Rounded floating-point number comparison issue

Question

Working on an analyzer based on Z3 (this analyzer should detect overflows when doubles converted to long/ulong in .net), I came across a strange thing related to floating-point numbers.

Finally, I've created a small sample that shows the issue:

Both:

(assert (= ((_ fp.to_sbv 64) roundTowardZero (fp #b0 #b10000111110 #x0000000000000)) #x8000000000000000))
(check-sat)

and:

(assert (not (= ((_ fp.to_sbv 64) roundTowardZero (fp #b0 #b10000111110 #x0000000000000)) #x8000000000000000)))
(check-sat)

give me sat.

How could it happen that a rounded floating-point number may be equal to some value, and at the same time it may not be equal?

Answer 1

The floating point constant evaluates to

(-1)^0 * 2^(1086 - 1023) * (1 + 0) = 2^63

A Signed Bit-Vector of size e can hold values in the range [-2^(e-1), 2^(e-1) - 1]. Thus, the range of a Signed Bit-Vector of size 64 is [-2^63, 2^63 - 1].

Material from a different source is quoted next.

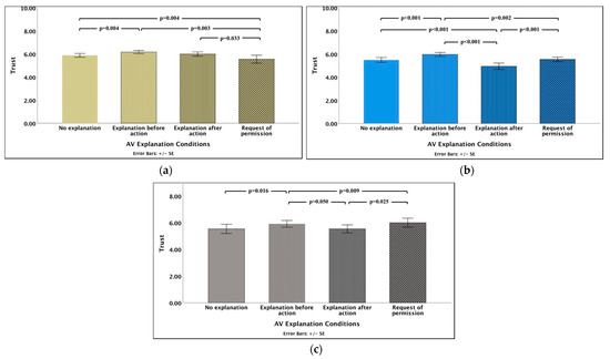 For older drivers, trust was significantly lower (p < 0.05) in the no-AV-explanation (μNExpl = 5.54) and AV-explanation-after-action (μAExpl = 5.54) conditions than in the AV-explanation-before-action (μBExpl = 5.91) and request-for-permission (μPermReq = 6.00) conditions. However, no difference in trust was found between the AV-explanation-before-action and request-for-permission conditions (p > 0.05), and no difference was found between the no-AV-explanation and AV-explanation-after-action conditions (p > 0.05). Table 5 provides the means and standard deviations for each condition. Figure 4c visually depicts the means and their corresponding significant p values.

Because 2^63 is outside that range, the conversion of 2^63 to a Signed Bit-Vector of size 64 is undefined:

In addition, fp.to_ubv and fp.to_sbv are unspecified for finite number inputs that are out of range (which includes all negative numbers for fp.to_ubv).

(source: SMT-LIB docs)

Since the conversion is undefined, the following expression

((_ fp.to_sbv 64) roundTowardZero (fp #b0 #b10000111110 #x0000000000000))

may have an arbitrary, unconstrained, 64-bit Bit-Vector value.

This explains why the equality can be found to be both true and false.

Answer 2

I assume you made those assertions separately of another, i.e. you asked Z3 if P is satisfiable, and (separately) if ¬P is satisfiable. This is different from asking if P ∧ ¬P is satisfiable. As an example, assume P is n = 0, for some integer n. Clearly, n could be 1, in which case ¬(n = 0) is satisfied, and n could be 0, in which case n = 0 is satisfied.